The Six TypeScript Utility Types I Use Every Week
TypeScript ships with a standard library of type transformations, and six of them cover almost everything I do in application code.
Partial — update payloads
interface User {
id: string;
name: string;
email: string;
}
function updateUser(id: string, changes: Partial<User>) { /* ... */ }
updateUser("u1", { email: "new@example.com" }); // valid
Every PATCH endpoint wants this. All fields optional, no duplicate interface.
Pick and Omit — narrowing for components
type UserCardProps = Pick<User, "name" | "email">;
type PublicUser = Omit<User, "email">;
A component that renders a card doesn't need the whole entity. Pick documents exactly what it consumes; Omit is perfect for stripping sensitive fields from API responses.

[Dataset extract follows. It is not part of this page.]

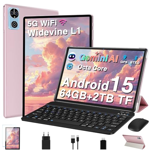 - 🔥💯〖Tablet Gemini AI Android 15〗La tableta cuenta con el sistema operativo Android 15 y un procesador octa-core de 2.0GHz para una experiencia de transmisión eficiente y fluida. Disfruta de configuraciones más personalizadas con widgets, pantalla dividida, control parental y funciones multiusuario. Android 15 y Gemini AI trabajan en conjunto para mejorar tu privacidad y seguridad, brindándote un control total. - 🔥💯〖Wi-Fi 2.4G/5G + Batería de 6000 mAh〗La tableta con teclado es compatible con Wi-Fi dual 5G/2.4G, lo que proporciona una conexión a internet inalámbrica ultrarrápida y fiable para navegar, transmitir y descargar sin interrupciones. Además, con una batería mejorada de 6000 mAh que ofrece hasta 6,5 horas de autonomía, puedes llevarla a reuniones de trabajo o a estudiar sin tener que buscar constantemente un enchufe. - 🔥💯〖30 GB + 64 GB + 2 TB Ampliables〗La tableta Android 15 utiliza tecnología de expansión de RAM, con 8 GB de RAM fija que se pueden ampliar con 22 GB adicionales de memoria virtual mediante la configuración. La tableta Android 15 también cuenta con 64 GB de ROM y admite tarjetas TF de hasta 2 TB, lo que proporciona amplio espacio para juegos y archivos grandes, satisfaciendo así todas tus necesidades de entretenimiento y trabajo. - 🔥💯〖Pantalla IPS de 10 Pulgadas + Widevine L1〗 La tableta de 10 pulgadas cuenta con una pantalla IPS In-cell de 1280 x 800 con una relación de aspecto de 16:10, que ofrece colores vivos e imágenes claras para una experiencia de visualización mejorada. Además, es compatible con Widevine L1, lo que te permite disfrutar de reproducción de video de alta calidad en más de 30 de las principales aplicaciones de video del mundo. - 🔥💯〖Cámara Dual + Bluetooth 5.0 + GPS〗El Bluetooth 5.0 ofrece conectividad de alta fidelidad con periféricos. La potente recepción de señal te garantiza estar conectado en todo momento. Además, la tableta E15 también está equipada con GPS. La cámara trasera de 8 MP captura imágenes y documentos nítidos, mientras que la cámara frontal de 5 MP optimiza las videollamadas con IA. (Nota: Si necesita la función GPS en un área sin cobertura Wi-Fi, descargue mapas sin conexión con antelación). - 🔥💯〖Tableta 2 en 1〗 Tableta 2 en 1 equipada con un teclado bluetooth, mouse inalámbrico, cargador, cable tipo c, adaptador usb hembra a tipo c, película protectora y una funda protectora plegable, lo que le permite transformar sin problemas su tableta de 10 pulgadas en un dispositivo estilo computadora portátil. Su versatilidad la convierte en el dispositivo ideal para quienes necesitan ser productivos en cualquier lugar, ya sea para trabajar, estudiar o jugar.

Record — typed dictionaries
type Status = "todo" | "doing" | "done";
const columnTitles: Record<Status, string> = {
todo: "Backlog",
doing: "In Progress",
done: "Shipped",
};
The compiler now enforces that every status has a title. Add a new status to the union and every Record<Status, ...> in the codebase becomes a helpful compile error until you handle it.
ReturnType — deriving instead of duplicating
function createStore() {
return { subscribe, dispatch, getState };
}
type Store = ReturnType<typeof createStore>;
When the source of truth is a function, derive the type from it rather than maintaining a parallel interface that drifts.
Readonly — freeze your config
const config: Readonly<AppConfig> = loadConfig();
config.apiUrl = "oops"; // compile error
The pattern behind all of these: describe a type in terms of another type. When the base changes, the derived types follow automatically — that's the difference between types that help you refactor and types that fight you.